Peptides were considered as unambiguously identified if their XCorr scores (91) exceeded 1.5, 2.0 or 2.5 for singly, doubly and triply charged ions, respectively, and if the corresponding ΔCn scores (the normalized Sequest XCorr score difference between the first and the second best peptide match,(91)) were larger than 0.2. In this study, only proteins for which at least two different peptides were identified were considered as successfully identified. The False

Positive Discovery Rate at the peptide level was estimated by searching the raw data files against a shifted database. This database, which is generated from MOUSEGP, has an identical number of proteins and tryptic peptides by keeping fixed the position of the arginines and lysines while the position of all remaining amino acids were left-shifted by two positions. The raw files were searched by using the above searching criteria and the raw spectra were submitted to the scrambled database for scoring. These spectra were binned based on their score and the number of spectra in each bin was counted and stored in the database. An objective estimate of the false positive discovery rate at the peptide level is obtained by comparing the distribution and the counts of spectra for a given score for spectra that were scored against MOUSEGP and the scrambled database (52, 92, 93). Using the criteria mentioned above, the false positive discovery rate for 1+, 2+ and 3+ charged peptides was estimated to be 7.4%, 3.2%, and 0.6%, respectively.

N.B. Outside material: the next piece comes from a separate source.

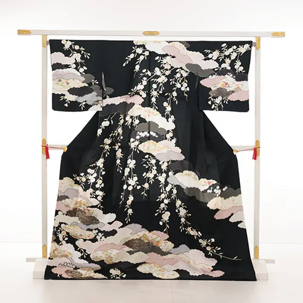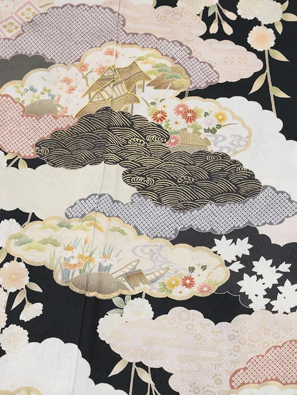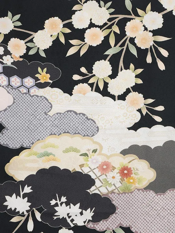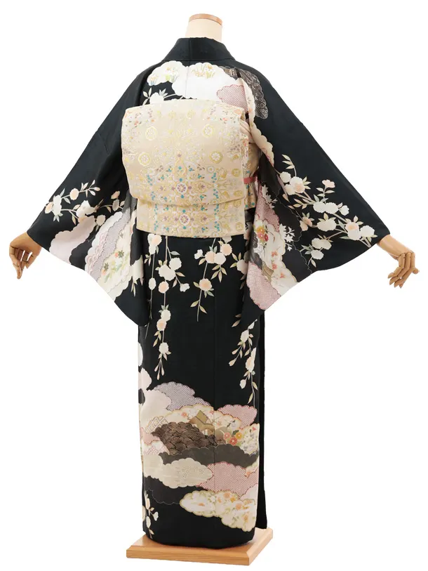 訪問着t1457 チャコールグレー地 桜に雲取り

Comparison of the LC-MS raw data files based on the total ion current of the peptides was performed by using the Genedata RefinerMS (version 4.5) software suite. Software-specific settings were as follows: baseline subtraction (20% quantile value, m/z Window 10 Da, RT window 0.1 min); chromatogram retention time (RT) alignment (prior internal peak identification on m/z window with 5 points, RT window 0.5 min, gap penalty 0.75, RT search interval 100 scans); peak identification as in RT alignment; peak shaping (multiplicity: 67%);

isotopic clustering (minimal charge 2, maximal charge 4, correlation threshold 0.5, maximal missing peaks 1, mass tolerance 0.05, ionization: protonation; mass consistency: peptides).

The resulting peak table associates the m/z and RT of a feature with its extracted ion count (XIC) and signal-to-noise ratio (S/N) measured in each sample. Features with a median S/N<5.0 were excluded from the data analysis as these outliers displayed broad ranges of nonlinear chromatographic shifts across samples.

3.2.7.4 Sequence and topology analysis

The proteins’ cellular location and topology were analyzed with a variety of tools as follows.

Prediction for signal peptide was performed using the in-house “signal_anchor” software tool (http://bioinfo.bas.roche.com:8080/sawicgi/sawi.cgi?signal_anchor) using an algorithm inspired by the web-based SignalPep tool (94) but using a support vector machine prediction model using Roche internal data rather than a neural net prediction model.

Membrane protein prediction was performed using either the “ALOM” software tool (http://bioinfo.bas.roche.com:8080/sawicgi/sawi.cgi?alom) as described by Klein P et al. (95),

or the web-based “TMHMM 2.0” (http://www.cbs.dtu.dk/services/TMHMM-2.0/), as described by Krogh A. et al. (96).

The version of the GO annotations (as described in Gene Ontology Consortium (2000)) used in this work was from June 2008. In this work, the multiple GO annotations of a protein were reduced to what was believed to be the most relevant entry according to the following rules:

a) plasma membrane > ER, GOLGI, endosome > lysosme, microsome, peroxisome>

mitochondria > cytoplasm, cytosol > nucleus > other

b) integral > anchored > peripheral, associated to > no mention of membrane interaction c) any membrane interaction > proteasome, cytoskeleton, vesicle, etc. >extracellular In doubt, the protein annotation of the SwissProt database was used to direct the selection to one or the other direction.